僕らは8月13日午後、渡島リハビリテーションセンターの庭で、白みかげ石で作ったモニュメント「仲間」とご対面をした。高さ1メートル80の樹の枝に11羽のふくろうがとまっている。ユーモラスでほのぼのとした雰囲気で、ふくろうは幸せを呼ぶ鳥なのだそうな。
「あたりを見回しているでかい奴が、星野先生か」
「上の方で羽根をひろげて悦に入っているのは、さしずめたらこの親父だ」
「そうすると、色ちがいの3羽は、酔っぱらってる俺たちってことかい?」
関係者に囲まれて、口々ののん気な冗談は、岡、里村と僕。何を隠そうこのモニュメントは、僕ら3人が割勘で寄贈したものなのだ。
1987年から2006年まで、星野は鹿部を訪ねるたびにこの施設に立ち寄った。入居しているお年寄りや障害を持つ人々を慰問、寄付金を届けるのが常。そんな町の人々との親交と、星野の思いを引き継ごうとしたのが僕らである。07年以降も、加齢による健康不安で出かけられなくなった星野の名代として、毎年招かれていた。施設の庭には星野が寄贈した石の灯篭もある。
「よし、それなら俺たちも一役!」
と、悪童3人の一念発起がふくろう11羽になった。設置されたのは昨年11月15日に星野が亡くなる直前の11月10日。

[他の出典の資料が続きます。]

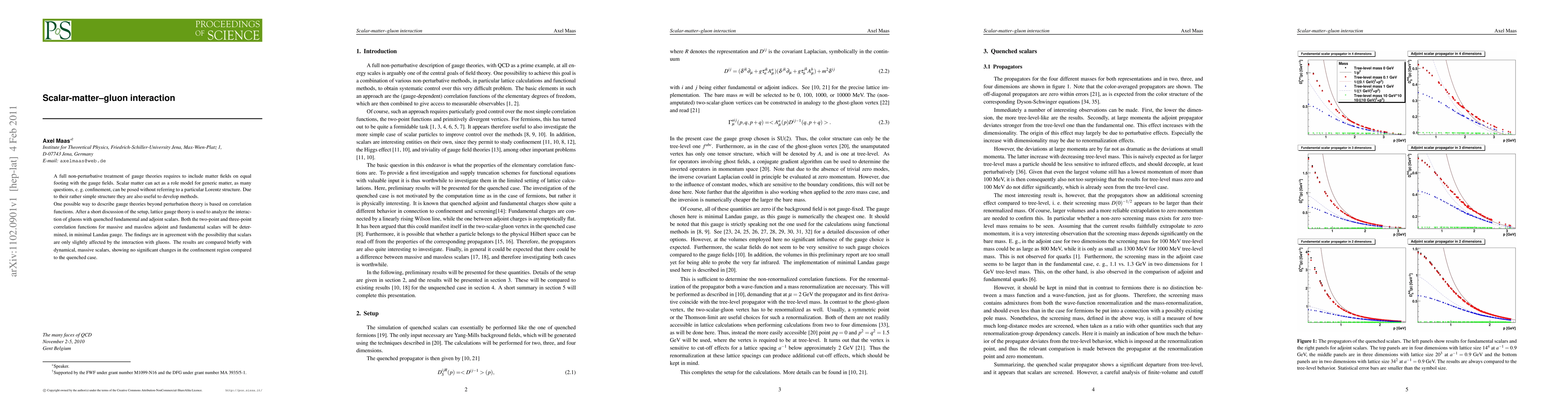 A full non-perturbative treatment of gauge theories requires to include matter fields on equal footing with the gauge fields. Scalar matter can act as a role model for generic matter, as many questions, e.g. confinement, can be posed without referring to a particular Lorentz structure. Due to their rather simple structure they are also useful to develop methods. One possible way to describe gauge theories beyond perturbation theory is based on correlation functions. After a short discussion of the setup, lattice gauge theory is used to analyze the interaction of gluons with quenched fundamental and adjoint scalars. Both the two-point and three-point correlation functions for massive and massless adjoint and fundamental scalars will be determined, in minimal Landau gauge. The findings are in agreement with the possibility that scalars are only slightly affected by the interaction with gluons. The results are compared briefly with dynamical, massive scalars, showing no significant changes in the confinement region compared to the quenched case.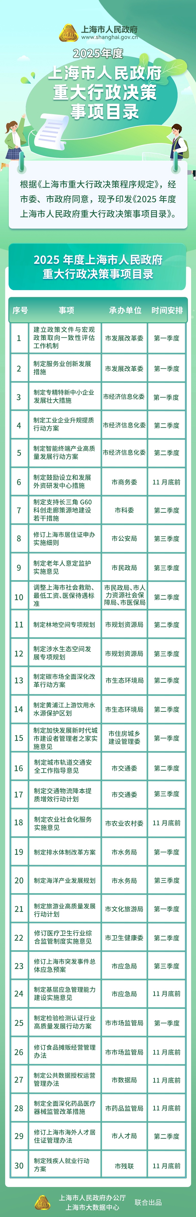 为落实重大行政决策程序制度,上海市人民政府办公厅编制了《2025年度上海市人民政府重大行政决策事项目录》,内容包括制定服务业创新发展措施、交通物流降本提质增效行动计划等。详见↓

元気だったころ星野は、夜明け前に出船して定置網を引き、番屋の朝食で大漁の魚をくらい、昼前からはゴルフコンペ、夜は漁師たちとの酒…と、この町で海づくしの日々を過ごした。船乗りから作詞家に転じた彼の〝海の詩人〟第一人者としての、いわば海のおさらい。その中から幾つものヒット曲が生まれ、鳥羽一郎が歌った「北斗船」の歌碑もこの町に建っている。
しかし、名代の僕らの鹿部の旅は、もう少し軟弱な趣き。とれとれの海の幸のご馳走は同じだが、気分浮々のグルメツアーふう。毛がににかぶりつき、むらさきウニとばふんウニを食い比べ、マンボウの肝あえがうまいの、なまこがうまいの…と口走って、合い間に焼酎をグビリ、グビリ。飾られた星野の遺影や思い出の写真、記事などを一巡したあとは、翌日のゴルフの相談である。何しろ2泊3日で3ラウンドはやる貪欲さ。
「それでいいんだ。めいっぱい楽しんで貰えりゃ…」
僕らがたらこの親父の異名を捧げる道場水産道場登社長は、自称星野哲郎の北海道後援会の会長。一行のツアーの勧進元だが、そのおおらかさと酔いっぷりは、星野に対しても不肖の弟子の僕らにも、何ら変わるところがない。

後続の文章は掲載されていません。